_EXTRACTED DATA:_
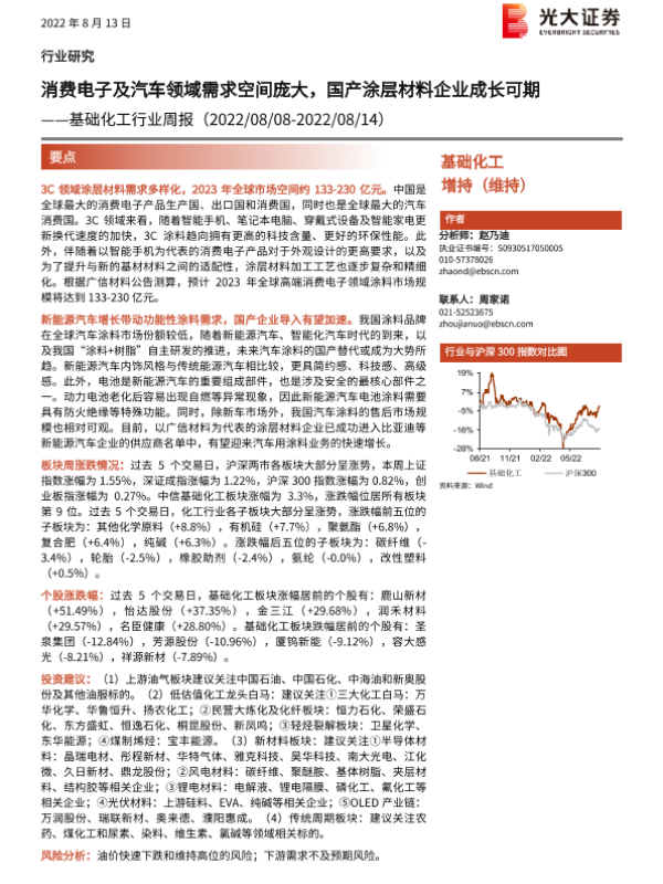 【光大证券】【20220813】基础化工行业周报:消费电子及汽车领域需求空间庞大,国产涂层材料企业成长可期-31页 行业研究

--

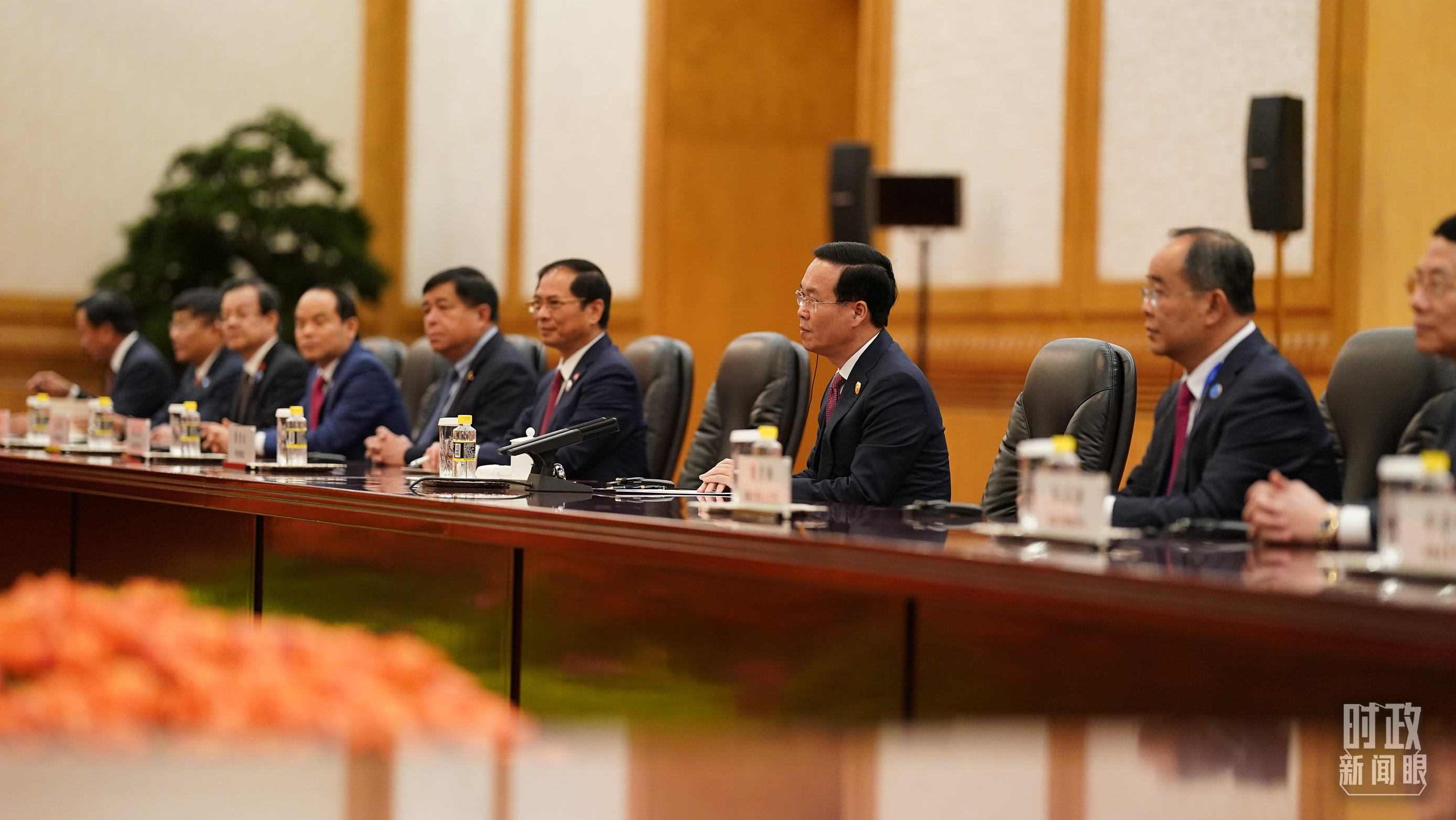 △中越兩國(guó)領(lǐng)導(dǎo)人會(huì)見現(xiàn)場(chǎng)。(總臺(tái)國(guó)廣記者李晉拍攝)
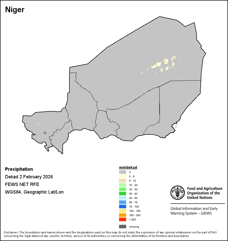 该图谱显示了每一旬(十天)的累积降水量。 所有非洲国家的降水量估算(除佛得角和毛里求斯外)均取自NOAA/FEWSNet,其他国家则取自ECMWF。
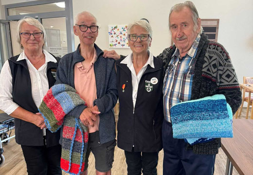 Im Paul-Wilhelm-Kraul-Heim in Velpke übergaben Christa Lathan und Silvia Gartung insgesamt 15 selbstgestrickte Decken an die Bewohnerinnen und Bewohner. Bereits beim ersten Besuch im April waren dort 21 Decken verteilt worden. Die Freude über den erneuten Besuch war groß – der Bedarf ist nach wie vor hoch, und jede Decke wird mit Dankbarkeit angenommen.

_WHAT YOU ARE ASKED TO DO:_ Look back at the data above, then output exactly the lines from the line holding "该图谱显示了每一旬(十天)的" up to and including the line holding "Im Paul-Wilhelm-Kraul-Heim in". Leave out the pictures.

_TASK RESULT:_
 该图谱显示了每一旬(十天)的累积降水量。 所有非洲国家的降水量估算(除佛得角和毛里求斯外)均取自NOAA/FEWSNet,其他国家则取自ECMWF。
 Im Paul-Wilhelm-Kraul-Heim in Velpke übergaben Christa Lathan und Silvia Gartung insgesamt 15 selbstgestrickte Decken an die Bewohnerinnen und Bewohner. Bereits beim ersten Besuch im April waren dort 21 Decken verteilt worden. Die Freude über den erneuten Besuch war groß – der Bedarf ist nach wie vor hoch, und jede Decke wird mit Dankbarkeit angenommen.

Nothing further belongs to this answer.